INPUT:

•••

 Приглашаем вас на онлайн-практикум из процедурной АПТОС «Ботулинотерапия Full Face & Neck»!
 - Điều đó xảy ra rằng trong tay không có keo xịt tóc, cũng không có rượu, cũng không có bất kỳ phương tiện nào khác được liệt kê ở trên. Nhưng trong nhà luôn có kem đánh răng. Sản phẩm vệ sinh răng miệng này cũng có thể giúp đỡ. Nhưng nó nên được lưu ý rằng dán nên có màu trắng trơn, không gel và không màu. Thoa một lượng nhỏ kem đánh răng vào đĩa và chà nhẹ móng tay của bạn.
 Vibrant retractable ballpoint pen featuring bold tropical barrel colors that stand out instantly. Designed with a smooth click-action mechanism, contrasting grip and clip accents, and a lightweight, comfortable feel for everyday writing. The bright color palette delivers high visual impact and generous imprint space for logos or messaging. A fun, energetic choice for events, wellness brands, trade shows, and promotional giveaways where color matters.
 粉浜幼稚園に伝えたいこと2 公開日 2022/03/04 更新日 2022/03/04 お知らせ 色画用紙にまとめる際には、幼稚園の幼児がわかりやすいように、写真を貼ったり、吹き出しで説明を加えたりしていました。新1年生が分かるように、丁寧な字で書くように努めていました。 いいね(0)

•••

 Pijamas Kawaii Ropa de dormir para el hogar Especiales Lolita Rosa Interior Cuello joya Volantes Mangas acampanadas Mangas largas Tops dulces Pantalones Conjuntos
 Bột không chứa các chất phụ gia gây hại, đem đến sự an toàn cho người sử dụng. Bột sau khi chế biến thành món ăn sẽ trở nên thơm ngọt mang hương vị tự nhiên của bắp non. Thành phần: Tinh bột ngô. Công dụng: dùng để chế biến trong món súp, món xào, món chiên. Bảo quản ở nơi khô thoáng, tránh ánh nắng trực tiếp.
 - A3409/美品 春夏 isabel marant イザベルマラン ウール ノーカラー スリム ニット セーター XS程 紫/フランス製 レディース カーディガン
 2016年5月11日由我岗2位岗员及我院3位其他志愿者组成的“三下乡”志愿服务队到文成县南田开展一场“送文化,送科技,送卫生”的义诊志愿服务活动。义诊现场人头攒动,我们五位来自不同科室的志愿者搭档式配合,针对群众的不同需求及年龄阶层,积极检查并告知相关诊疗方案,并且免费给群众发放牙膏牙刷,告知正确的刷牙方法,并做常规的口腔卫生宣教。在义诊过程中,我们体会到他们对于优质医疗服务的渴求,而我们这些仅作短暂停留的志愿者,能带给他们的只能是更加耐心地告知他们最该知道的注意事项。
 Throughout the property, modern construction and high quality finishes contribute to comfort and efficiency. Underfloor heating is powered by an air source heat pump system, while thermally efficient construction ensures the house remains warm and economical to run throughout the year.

•••

WORK REQUIRED: Take the listing above and repeat exactly the lines from the one containing "Vibrant retractable ballpoint" through the one containing "粉浜幼稚園に伝えたいこと2 公開日 2022/03/04", both included.

SOLUTION FOR THIS EXERCISE:
 Vibrant retractable ballpoint pen featuring bold tropical barrel colors that stand out instantly. Designed with a smooth click-action mechanism, contrasting grip and clip accents, and a lightweight, comfortable feel for everyday writing. The bright color palette delivers high visual impact and generous imprint space for logos or messaging. A fun, energetic choice for events, wellness brands, trade shows, and promotional giveaways where color matters.
 粉浜幼稚園に伝えたいこと2 公開日 2022/03/04 更新日 2022/03/04 お知らせ 色画用紙にまとめる際には、幼稚園の幼児がわかりやすいように、写真を貼ったり、吹き出しで説明を加えたりしていました。新1年生が分かるように、丁寧な字で書くように努めていました。 いいね(0)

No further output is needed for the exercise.